How to use Chebyshev Polynomials to approximate $\sin(x)$ and $\cos(x)$ within the interval $[−π,π]$?
Solution 1:
Assume that we want to approximate $\cos(x)$ over $I=[-1,1]$. The Taylor series gives: $$ \cos(x) = \sum_{n=0}^{+\infty}\frac{(-1)^n}{(2n)!} x^{2n}\tag{1} $$ while the Fourier-Chebyshev series is given by: $$ \cos(x) = J_0(1) + 2\sum_{n\geq 1}(-1)^n J_{2n}(1) T_{2n}(x)\tag{2}$$ where: $$ \frac{2}{\pi}\int_{-1}^{1}\frac{\cos(x) T_n(x)}{\sqrt{1-x^2}}\,dx = \frac{2}{\pi}\int_{-\pi/2}^{\pi/2}\cos(\cos x)\cos(nx)\,dx\tag{3}$$ is a Bessel function of the first kind and $T_{n}(x)$ is a Chebyshev polynomial of the first kind.

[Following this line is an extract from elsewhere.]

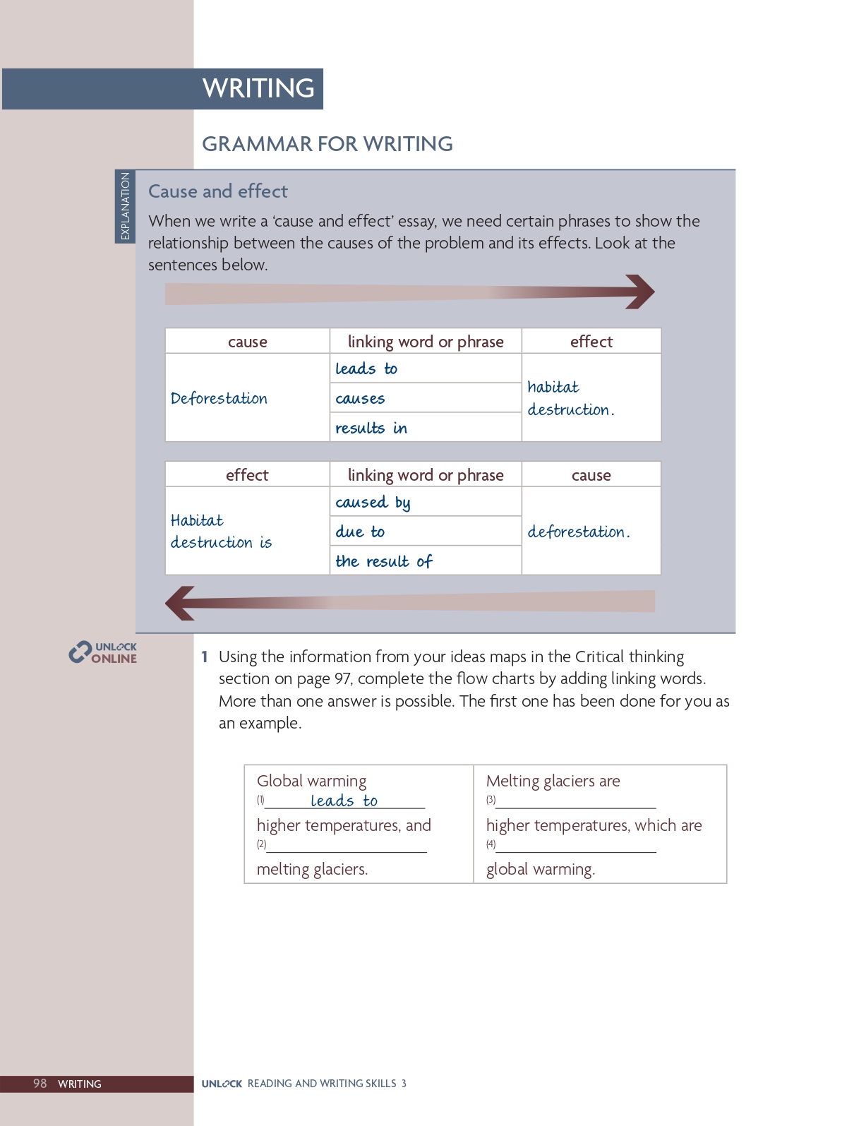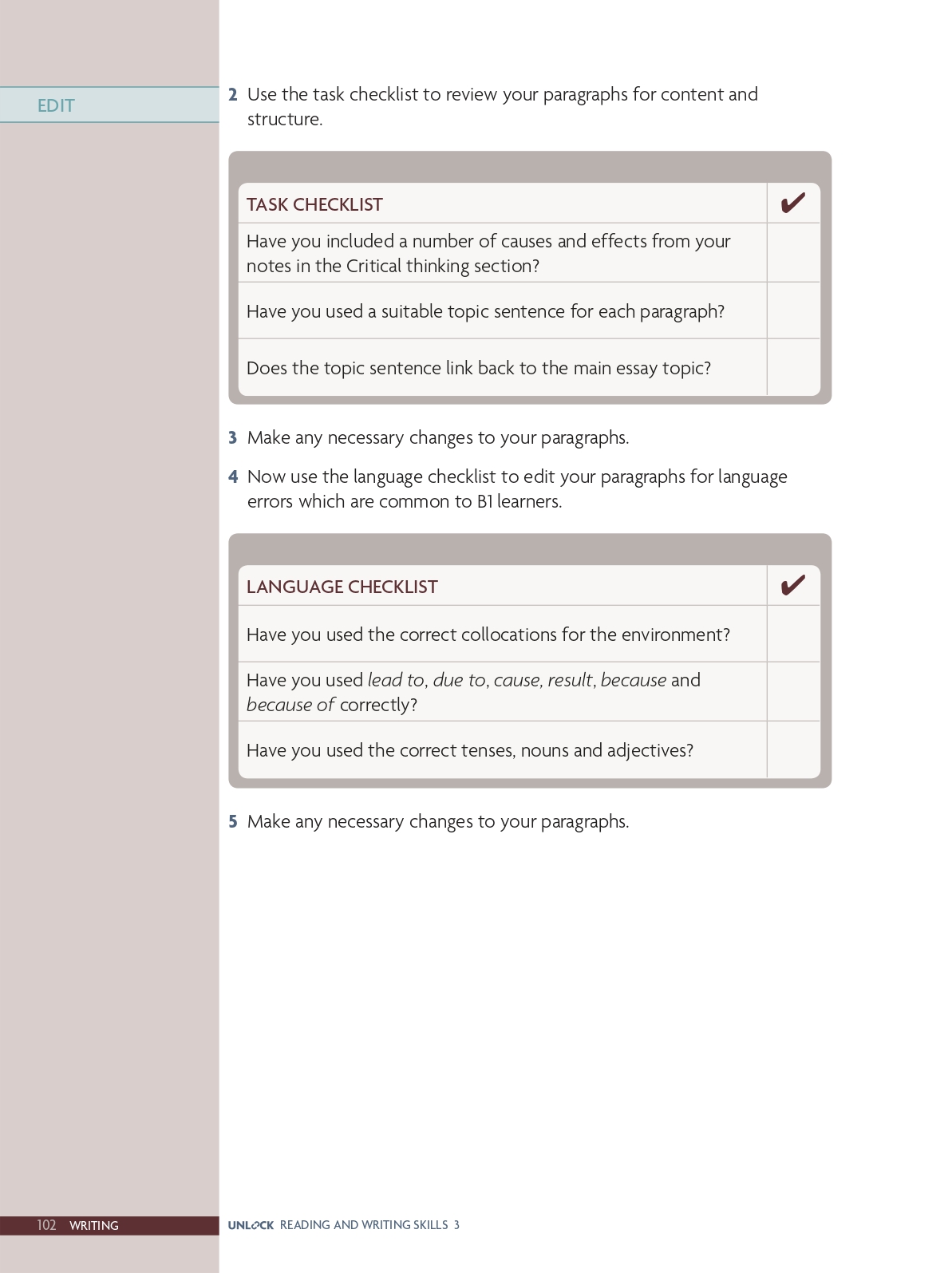 Writing task: Write two cause–effect paragraphs

Since both $x^n$ and $T_n(x)$ are bounded by $1$ on $I$, the accuracy of the approximation just depends on how fast $J_{2n}(1)$ decays to zero. Since: $$ J_{2n}(1) = \sum_{l\geq 0}\frac{(-1)^l}{4^{l+n}(2n+l)!},\qquad \left|J_{2n}(1)\right|\approx\frac{1}{4^n(2n)!}\tag{4}$$ we have that the Taylor approximation pointwise outperforms $(2)$ in the region $|x|\leq\frac{1}{2}$, while the $L^2$-approximation $(2)$ is more accurate than $(1)$ near the endpoints of $I$, and in uniform terms. However, its coefficients are less trivial to compute.
It is also interesting to mention that, by expanding $T_{2n}(x)$ and equating the coefficients of $x^{2m}$ in $(1)$ and $(2)$ we get an interesting identity about the Bessel function of the first kind. The same happens if we integrate the square of both sides of $(2)$, multiplied by $\frac{1}{\sqrt{1-x^2}}$, over $I$.
Here we have a graph of the approximation error for $n=5$. The Taylor series gives the blue graph, the Fourier-Chebyshev series gives the red graph.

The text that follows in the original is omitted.